BTW, here's what one looks like.


----------



## Live Oak

> _Originally posted by treed _
> *A friend of mine has recently picked up two Yazoo vintage mowers. One, I believed, is a YR-76 and the other YR-60. Does anyone know a web site other than the Yazoo Yahoo Groups, that one is pretty dead, that would cater to the old Yazoos. I drove the YR-60 around a bit, without the deck, and it would take some time to get used to driving one of these.
> 
> I kind of partial to the old Yazoo's, I operated one briefly when I was in the Army back in the late 70's. But, if I remember correctly, it didn't look anything like these old YR's. *



Yazoo/Kees


----------



## Live Oak

Since these machines are more geared to commercial use; I suspect tha you would find a good bit of info. at:

lawnforum.com
lawncafe.com

I hate to give any recongnition to lawnsite.com but they do seem to have a pretty large following.


----------



## Stewart

Is there a "tailwheel" that does the steering? That would be real odd to drive. Like you said it would take some getting used to.

Like Chief said the lawn site is a little clickish, I don't know if there are too may folks with Yazoo's. Good luck!


----------



## Live Oak

Actually steering with a tailwheel is pretty effective for manuevering. That is how my F525 is configured.


----------



## Stewart

Chief, Did you ever test out that new JD you were talking about???? It was kind of like the Yazoo.

It sure didn't get much more than the time of day at lawnnsite.

It looks like there are a lot of the same folks from the lawnsite on th lawncafe. There might be some good info there as well.


----------



## treed

Actually, the folks over on lawnsite and lawncafe probably wouldn't touch something like this, much less know of anything about them. On those sites, it's ZTRs or nothing. These would be more of a vintage item than something you would want to use commercially, anyway.

Yes, there's a "tailwheel" for steering. It's a three wheeled machine. The third wheel, the back wheel, is guided by a chain driven from the upright steering wheel. These things have a Wisconsin 2-cylinder engine and hydrostatic transmissions. Going forward it's not too hard to get used to, but going in reverse is another thing all together.

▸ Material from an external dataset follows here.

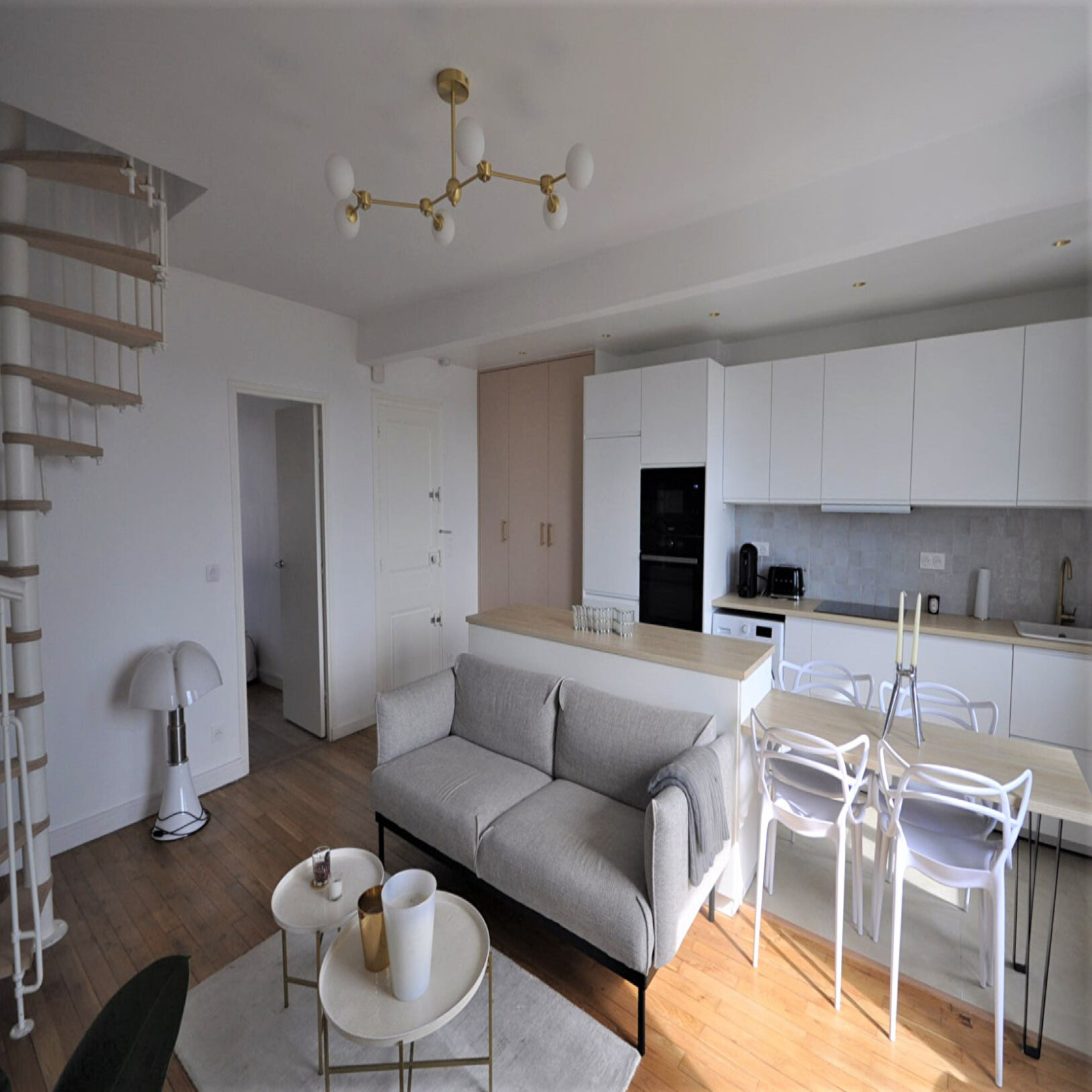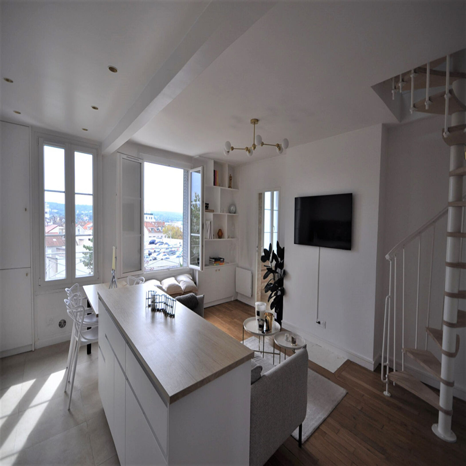 En HYPERCENTRE, Place du marche , au coeur de la vie de St Germain en Laye. Vous tomberez sous le charme de ce magnifique duplex ensoleillé, au 4 ième et dernier étage , plein sud, calme, entièrement refait a neuf en janvier 2023, très RARE. RER à 5 mn a pied, bus, écoles , restaurant, cinéma , théâtre , sont vos voisins. Vue dégagée , sans vis a vis. Petite copropriété, de type Haussmannien, sécurisée, compose de 7 lots. Au rdc: belle cuisine, meublée équipée, ouverte sur la pièce de vie de 30 m2, baignée de lumière, une salle de douche, wc, une chambre de 15 m2. A l'étage: grande chambre en sous pente , bureau, grenier . Peut être vendu meublé

I would like to have one, just to restore and to drive around a bit. I may try to pry one off his hands.

BTW, the YR-76 has a 76 inch deck, and the YR-60 has a 60 inch deck.


----------



## treed

Chief,
The yazoo/kees website doesn't address the old machines. Too bad, as there doesn't seem to be anywhere that one could derive info from on these old Yazoo's.


----------



## Live Oak

> _Originally posted by Stewart _
> *Chief, Did you ever test out that new JD you were talking about???? It was kind of like the Yazoo.
> 
> It sure didn't get much more than the time of day at lawnnsite.
> 
> It looks like there are a lot of the same folks from the lawnsite on th lawncafe. There might be some good info there as well. *


Actually, I have had so many other things come up in between that I have forgotten about it. Still haven't been able to find a dealer that has one anyway.


----------



## treed

Here's a similar thread on lawnsite dealing with front mowers. You can tell be the atitude from this thread that front mowers aren't well respected on lawnsite.

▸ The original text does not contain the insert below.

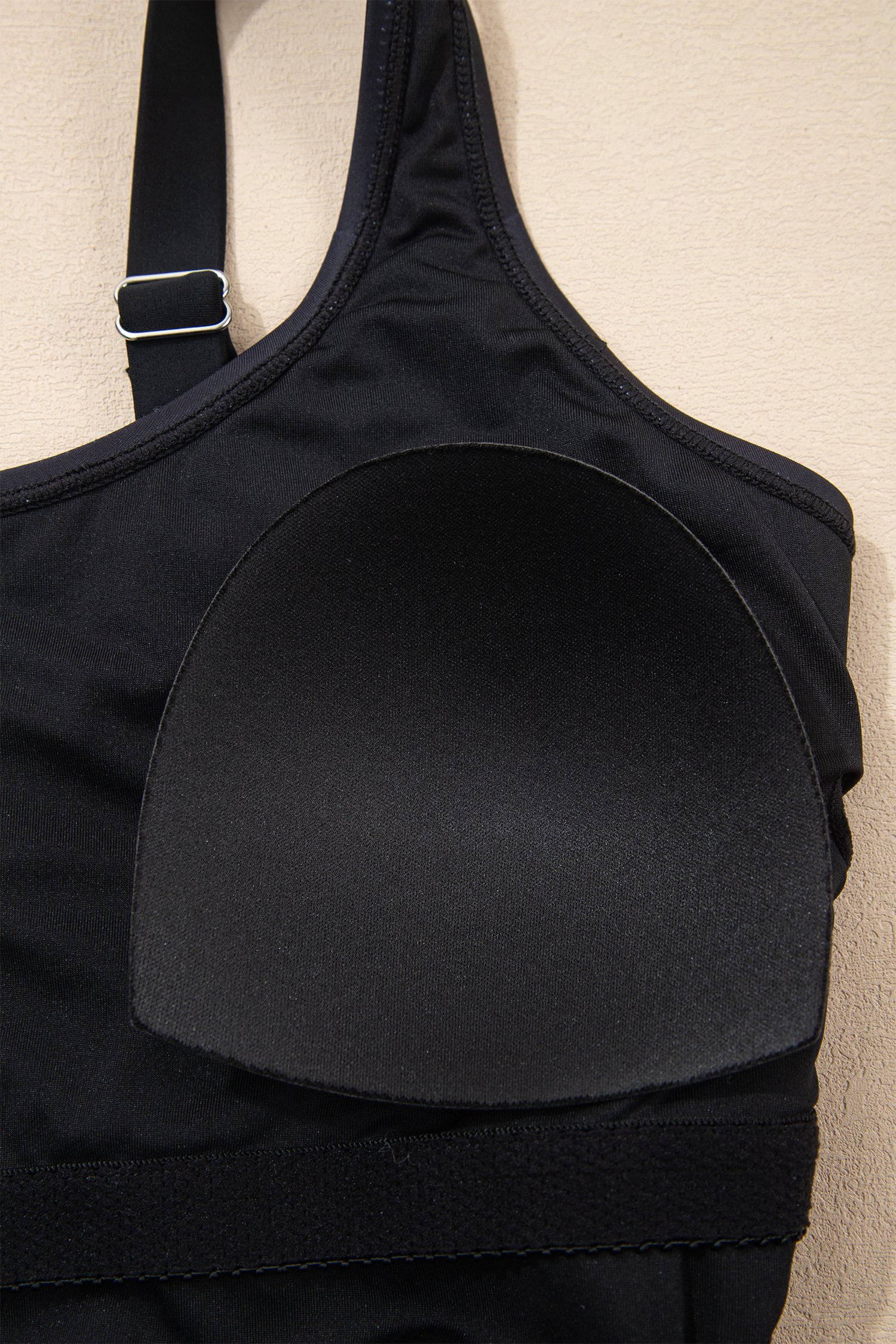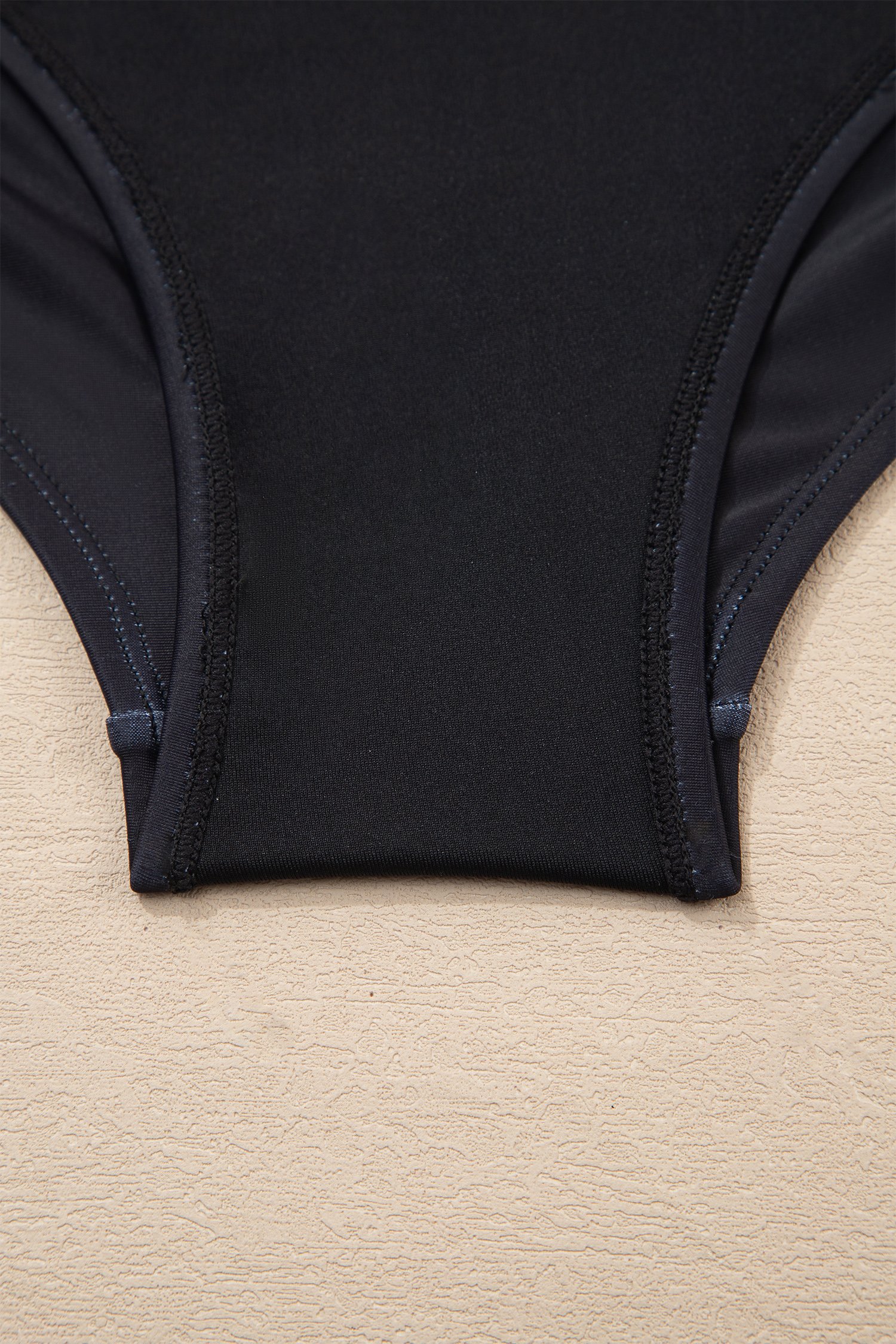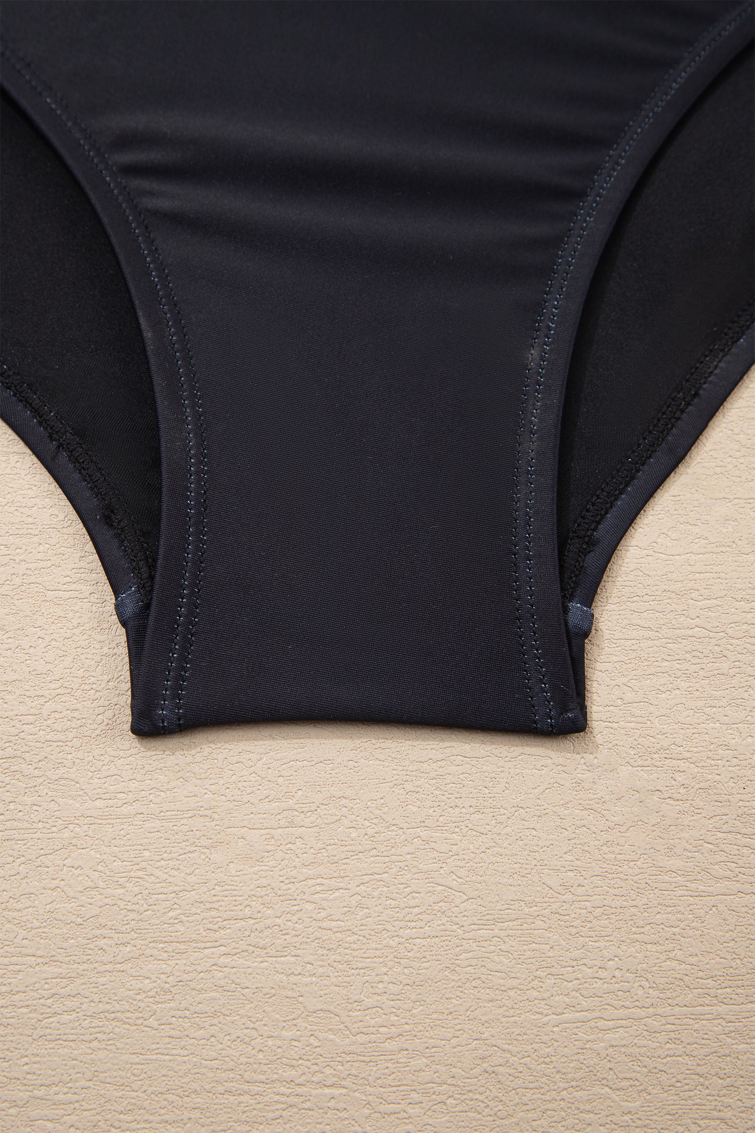 The one piece swimsuit is asymmetrical and has a delicate cutout.

http://www.lawnsite.com/showthread.php?s=&threadid=74661


----------



## Stewart

Big mowing path!!! That would be nice, sorry about the sites. They do deal with new stuff mostly. :truth:


----------



## treed

*...sorry about the sites. They do deal with new stuff mostly.* 


I don't really blame them. Those sites are geared toward the lawn care professional, so they are more interested in what's available currently, not what was available 40+ years ago.

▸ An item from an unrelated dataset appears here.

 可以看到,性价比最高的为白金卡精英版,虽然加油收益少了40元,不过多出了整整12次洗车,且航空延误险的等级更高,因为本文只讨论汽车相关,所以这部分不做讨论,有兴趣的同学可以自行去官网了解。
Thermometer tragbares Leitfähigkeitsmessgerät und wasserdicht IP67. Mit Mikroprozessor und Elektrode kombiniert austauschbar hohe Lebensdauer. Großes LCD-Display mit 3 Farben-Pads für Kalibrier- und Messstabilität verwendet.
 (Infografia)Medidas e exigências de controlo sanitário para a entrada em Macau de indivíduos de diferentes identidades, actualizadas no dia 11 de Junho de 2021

I do think I trace the production years though on these machines, anywhere from 1959 to 1963.


----------



## balmoralboy

*Yazoo*

There was one at the auction i was at on Saturday, but it went before I got there. A commercial machine, rear steer tricycle setup, with the front right wheel powered, left front idler wheel, single stick steering. It looked like a tough old beast, and probably really maneuverable. But probably not what I'd choose for a yard with lots of obstacles. I bet you'd get a real shoulder workout driving it.


----------



## jodyand

The guy down the street has one that looks like that. Or should i say he did till this year he got rid of it and now has a Gravely ZTR. But sorry don't know of any web site for them.


----------



## Chris

I know that Yazoo used to make some very well-engineered and well-built equipment. Their early work on these type of mowers led to the advent of the large ZTR market we have today. Good mowers for professional applications... I hope you find the info you need... I have seen places on the Internet for parts for some of the older Yazoo's as my brother owns one out in Atlanta.


----------



## Neil_nassau

Those machines were built for many years with a variety of engines,deck drives were belt or drive shaft on later models,variety of engines according to deck either 42",48",60",76" and even 84" (48" center deck with 2 fold down single spindle decks). I worked for a retailer that sold them from 1966 to 1971, then for a Yazoo company owned distributorship from 1971 to 1978.Did parts,service and last 2 years there sales.

First machines used a Rockford turret lathe clutch in their own gearcase for a one stick F-N-R setup with a high Low range. Just don't have reverse too tight or it could flip you.machines pre early 70's were a bear to adjust as trans only had one inspection port in top about 3' in diameter.
Deck drive belts had to be set "just so"........most popular and first version was YR60 with LONG stroke Wisconsin AGND 12.5 hp (yeah you read that right) engine. Thing had gobs of torque and was a grass mowin' Mother. Your pic of a manual was the TJD engine rated at (get ready) 16.5 hp ! 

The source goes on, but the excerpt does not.